Spenser Confidential Review: Berg & Wahlberg Worst Film To Date

Director Peter Berg and Mark Wahlberg have built quite the relationship over the last few years. The duo has come together to create several critically acclaimed films such as Lone Survivor, Deepwater Horizon, and Patriots Day. However, after the lackluster Mile 22, the duo decided to take their talents to Netflix in hopes of creating a franchise for the streaming platform. 

Netflix

Spenser Confidential is the latest effort from Mark Walberg’s Closest to the Hole production. A film is based on Ace Atkins’ novel Wonderland with Wahlberg’s classic Boston seasoning. Those under the age of 35 have likely never heard of Robert B. Parker’s detective novels called “Spenser”  or the 1980s TV show “Spenser: For Hire” which Spenser Confidential was loosely based on. You can’t help but wonder if Berg’s and Wahlberg’s chemistry has all dried up.

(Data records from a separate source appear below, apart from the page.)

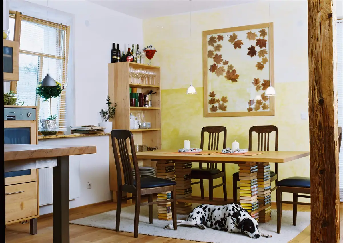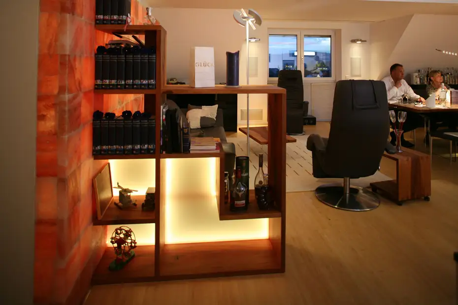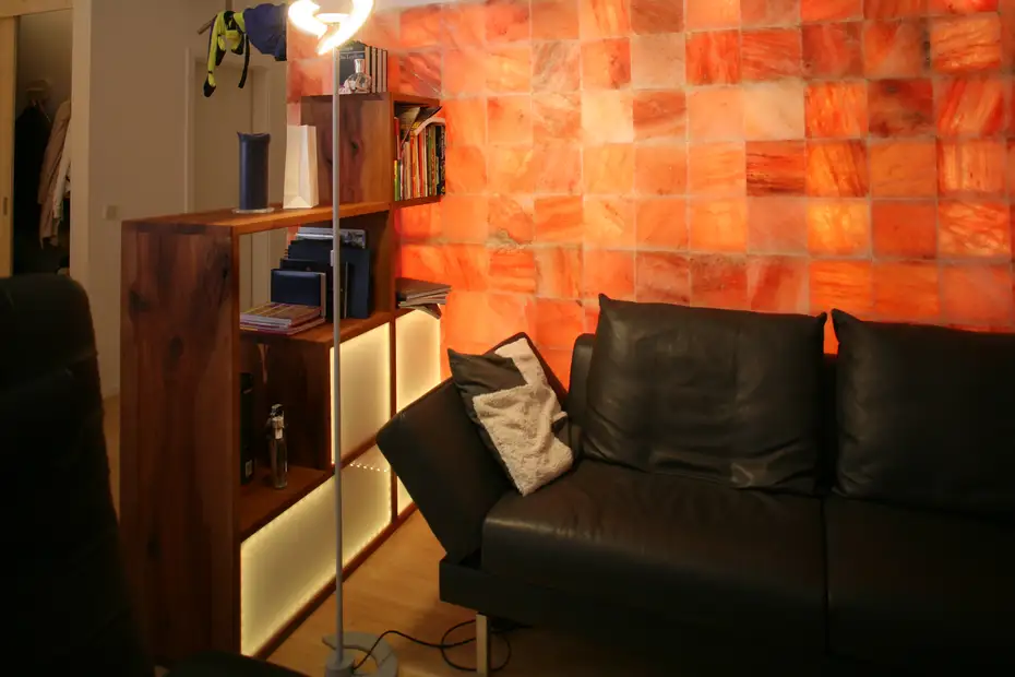 Raumteiler aus Birnbaum an Salzwand mit weißer Glasrückwand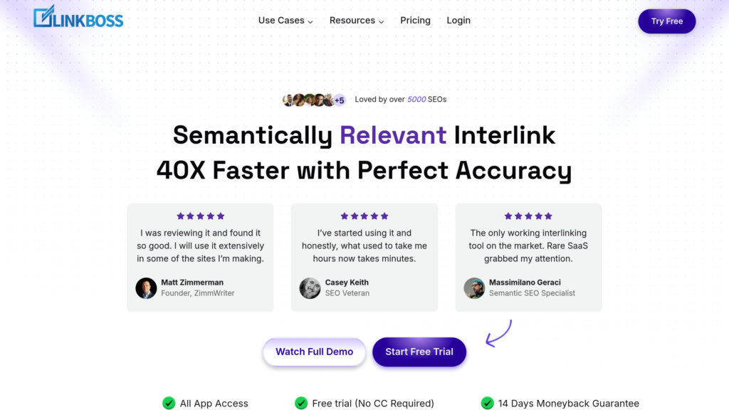 LinkBoss is an advanced AI-driven internal linking solution designed to enhance SEO by creating semantically relevant links within websites. Leveraging natural language processing, machine learning, and big data, it analyzes content context to suggest and generate natural anchor texts and links. The platform supports bulk interlinking, silo and topic cluster creation, and offers a unified dashboard to manage multiple sites efficiently. LinkBoss integrates with popular WordPress editors and page builders, providing detailed link reports and site visualizations to optimize site architecture and user experience.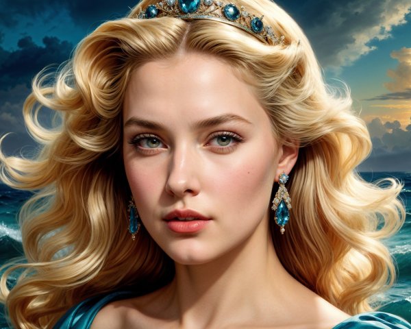 A young woman in a floral crown gazes thoughtfully towards a distant castle atop a hill, surrounded by vibrant flowers, set against a dreamy, picturesque landscape.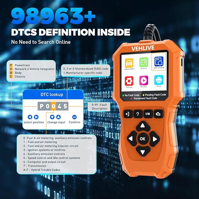 - 98,963+ DTC Lookups: car code reader has 98,963 built-in DTCs, compared to the 3,000-10,000 typically found in older OBD2 Scanner Diagnostic Tool, this obd scanner diagnostic scanner for all vehicles the DTC library covers tens of thousands of detailed trouble code definitions to quickly identify causes and potential problems, so you can instantly recognize vehicle issues without having to search online. If you're considering replacing or upgrading your existing Check Engine Light Code Reader, this Enhanced fixd car Diagnostic Tool is for you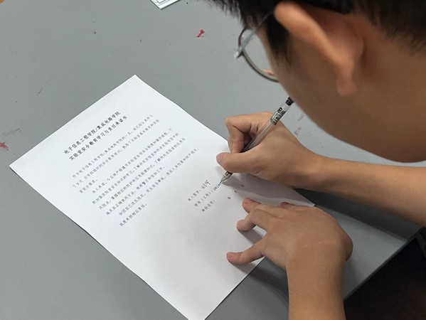 为了让同学们进一步提升实验室安全意识,学院组织全体同学签署了安全教育学习与责任承诺书,将安全责任落实到位,确保同学们重视安全问题。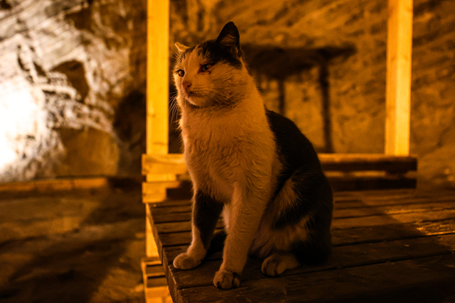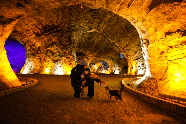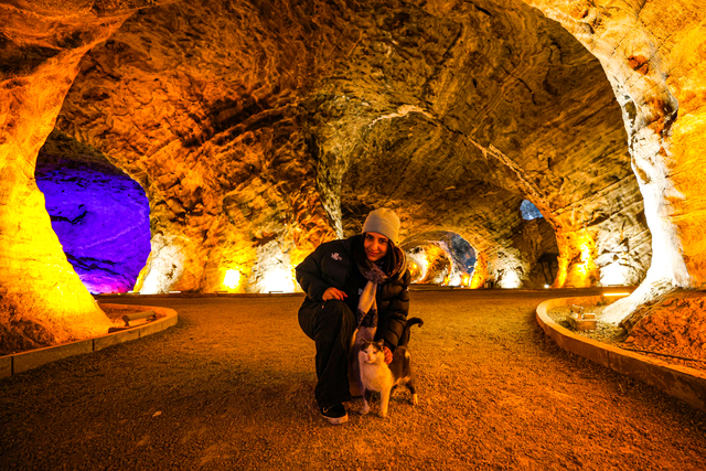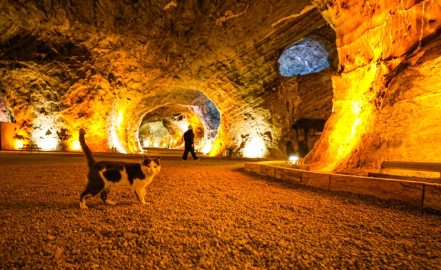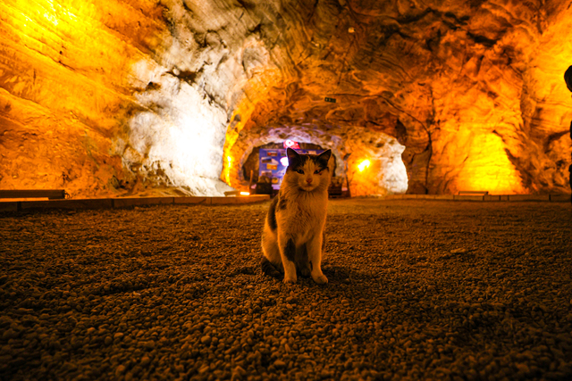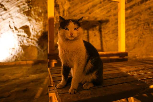 Yerin 80 metre altındaki Iğdır Tuz Mağaraları'nın maskotu Duman adlı kedi, turistlere gezilerinde eşlik ediyor

Wahlberg stars as the protagonist Spenser, an ex-cop fresh out of a five years prison sentence for the assault of his former captain John Boylan. Spenser is ready to leave Boston in his past and move to Arizona to be a truck driver. His plans are thrown out the window when Boylan is brutally murdered and another cop is blamed for his murder. Spenser is forced to investigate the case after he is eyed as one of the top suspects. Spenser enlists the help of his boxing mentor (Alan Arkin), a hotheaded roommate (Winston Duke), and his ill-tempered ex-girlfriend (Iliza Shlesinger) in a desperate attempt to clear their names and solve the case of a massive corruption scandal. 

Netflix

Spenser Confidential has all the ingredients to be a good run of the mill action comedy but screws up chemistry and narrative storytelling. For a film that is based on a novel, much of the 1st act plays out like a book with chapters that are placed out of order. The erratic storytelling begins with a flashback about how Spenser ended up in prison with no context. He later returns home with a city and police force that hates him. Then, the film detours into a crime mystery without establishing any of Spenser’s supporting cast so when they do, the audience is already detached from the central story. 

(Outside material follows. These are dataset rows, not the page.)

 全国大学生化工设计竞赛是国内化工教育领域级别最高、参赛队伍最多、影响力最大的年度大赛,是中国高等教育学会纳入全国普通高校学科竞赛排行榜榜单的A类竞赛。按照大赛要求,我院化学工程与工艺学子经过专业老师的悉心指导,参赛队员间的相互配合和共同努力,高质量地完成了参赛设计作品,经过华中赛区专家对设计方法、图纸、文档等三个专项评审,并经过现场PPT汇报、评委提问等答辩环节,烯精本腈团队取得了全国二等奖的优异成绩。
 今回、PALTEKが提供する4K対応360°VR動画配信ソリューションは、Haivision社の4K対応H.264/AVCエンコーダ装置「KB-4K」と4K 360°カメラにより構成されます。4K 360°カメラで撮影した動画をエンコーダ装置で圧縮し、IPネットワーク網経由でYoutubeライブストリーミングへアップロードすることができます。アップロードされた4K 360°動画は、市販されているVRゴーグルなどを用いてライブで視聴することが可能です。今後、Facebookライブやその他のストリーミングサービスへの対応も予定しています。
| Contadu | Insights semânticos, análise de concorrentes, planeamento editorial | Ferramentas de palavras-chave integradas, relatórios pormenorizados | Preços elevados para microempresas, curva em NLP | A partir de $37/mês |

Despite being on the poster as Wahlberg’s partner in crime, Winston Duke’s character of Hawk is under-developed and completely out of place in the film. Hawk is introduced as Spenser’s roommate and an up and coming MMA fighter but that is where the character development ends. As the film processes, Hawk’s character fades out of the story and feels shoehorned in when he returns. They set up character traits for Hawk that never pay off and the lack of chemistry between the two highlights some of the film’s biggest issues in telling an engaging story. 

Netflix

Another out of place character is Iliza Schlesinger’s Cissy who plays a  textbook masshole, strong Boston accent and all. Cissy is introduced early on as Spenser’s crazy ex but offers nothing else outside of that plot point. As the story progress, once again Cissy takes a back seat to the plot, disappearing from the film until it’s time for a oddly placed sex scene that offers nothing to anyone invloved. The savior of the film is Alan Arkin who plays a stubborn old boxing coach and Spenser’s only friend. Akrin’s acting is so far ahead of his co-stars, he sticks out like a sore thumb in a good way.

The poor characters are only magnified by a convoluted story. The twists and turns of this “whodunit” are telegraphed far too early in the story leaving little doubt to who the bad guys are. Making the lack of surprise worse, the lack of depth behind our villain’s motivation makes them cartoonish and one note in execution. In a film filled with stereotypes, you would hope that there would be enough fun to match a whacky B movie adventure but Spenser Confidential doesn’t deliver that. 

Netflix

Spenser Confidential is guilty of criminally underutilizing its talent and telling a story that barely seems fit for a run of the mill streaming service.